Candidate Name: Shreya Goyal
Title: VPS501, A NOVEL SNX-BAR PROTEIN INVOLVED IN AUTOPHAGY
 October 18, 2021  12:00 PM
Location: Zoom
Abstract:

Careful control of intracellular signaling pathways plays an important role in a cell’s ability to maintain stable internal conditions in the face of an ever-changing extracellular environment. This is particularly true as it relates to the process of cellular self-eating or autophagy. Macroautophagy (herein referred to as autophagy) is a catabolic process by which unneeded or damaged cellular components are sequestered as cargo into unique double-membrane vesicles called autophagosomes which fuse to the vacuole (yeast lysosome) to be metabolized. The autophagy-related (Atg) proteins that mediate and regulate the process are evolutionarily conserved across all autophagy pathways, including starvation-induced bulk autophagy and cargo-selective autophagy pathways.
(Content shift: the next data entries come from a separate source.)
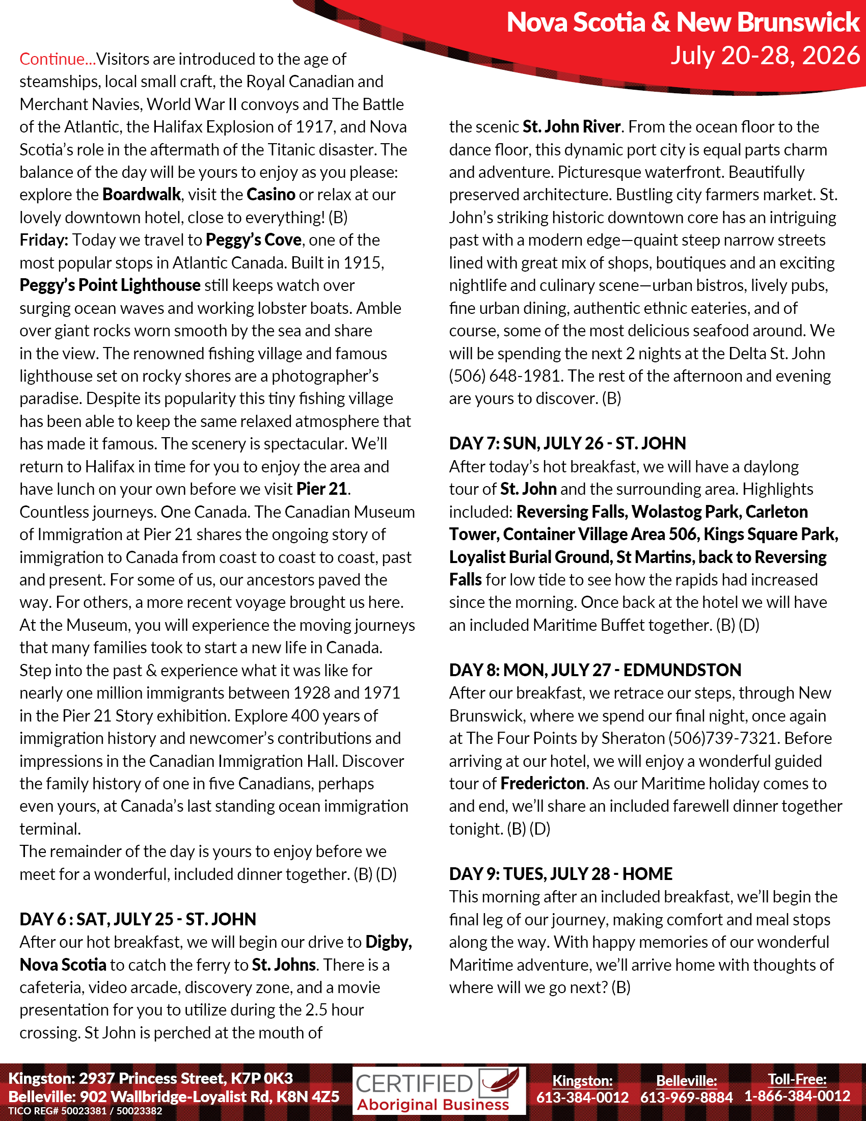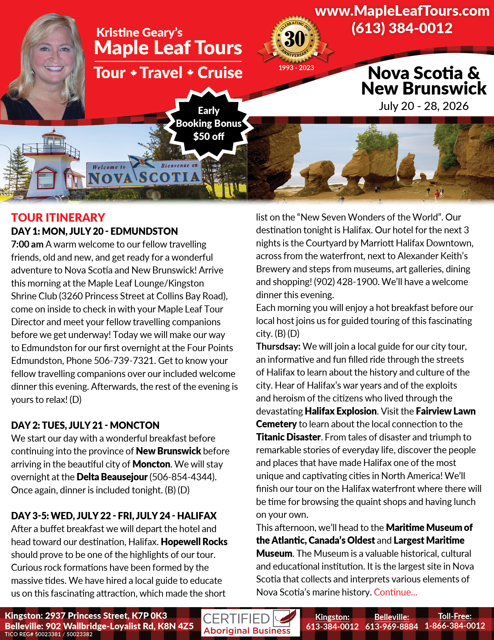 8:00 am A warm welcome to our fellow travelling friends, old and new, and get ready for a wonderful adventure to Nova Scotia and New Brunswick! Arrive this morning at the Maple Leaf Lounge/Kingston Shrine Club (3260 Princess Street at Collins Bay Road), come on inside to check in with your Maple Leaf Tour Director and meet your fellow travelling companions before we get underway! Today we will make our way to Edmundston for our first overnight at the Four Points Edmundston, Phone 506-739-7321. Get to know your fellow travelling companions over our included welcome dinner this evening. Afterwards, the rest of the evening is yours to relax! (D)
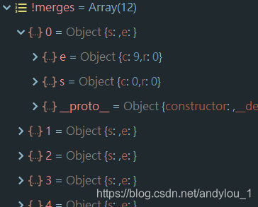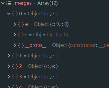 其中s表示开始单元格的坐标,c是列坐标,r是行坐标,都是从0开始,e表示结束单元格的坐标,我们通过修改这些数据完成单元格的合并与拆分。
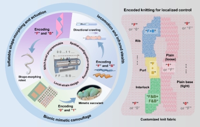 纺织结构材料交叉技术研究室孙丰鑫研究团队联合德累斯顿工业大学、劳伦森大学及上海国际时尚教育中心的研究人员,设计了一种新型柔性可编程纺织品超表面。这种材料可用于开发具备类似变形与伪装能力的机器人,相关研究成果以题为“Structurally Programmed Textile Metasurfaces for Soft Morphing Robotics and Bionic Mimetic Camouflage”发表于Advanced Fiber Materials。其核心是通过调整交织纱线线圈的几何排列,实现针织结构的精准工程化设计。研究人员提出一种基于结构驱动的设计框架:通过在编织外壳中引入空间局域的应变约束,仅凭针脚几何的调控,即可赋予软体机器人系统与仿生伪装所需的形态变化能力。结合改进的超弹性力学理论分析,将织物宏观力学行为解耦为针脚拓扑与纱线组成的独立作用,并通过几何调控实现了可编程的力学响应。
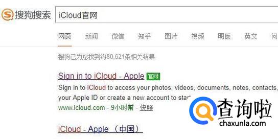首先,在搜狗浏览器中输入iCloud官网并点击回车键,如下图所示。

The central theme of this thesis is to understand how autophagy is affected by lipids and regulatory proteins in yeast. In this thesis, we have summarized the field’s understanding of lipid homeostasis and trafficking during autophagy and autophagosome formation. Furthermore, we have extended this knowledge by discovering a clear interplay between autophagy and the SNX-BAR protein subfamily. In recent years, the SNX-BARs have been reported to have emerging roles in autophagy, however, such mechanisms of action have been primarily indirect. In this thesis, we have characterized a novel SNX-BAR protein, we have termed Vps501 and have found it directly affects autophagy which brings to light a new role of SNX-BAR proteins in autophagy regulation.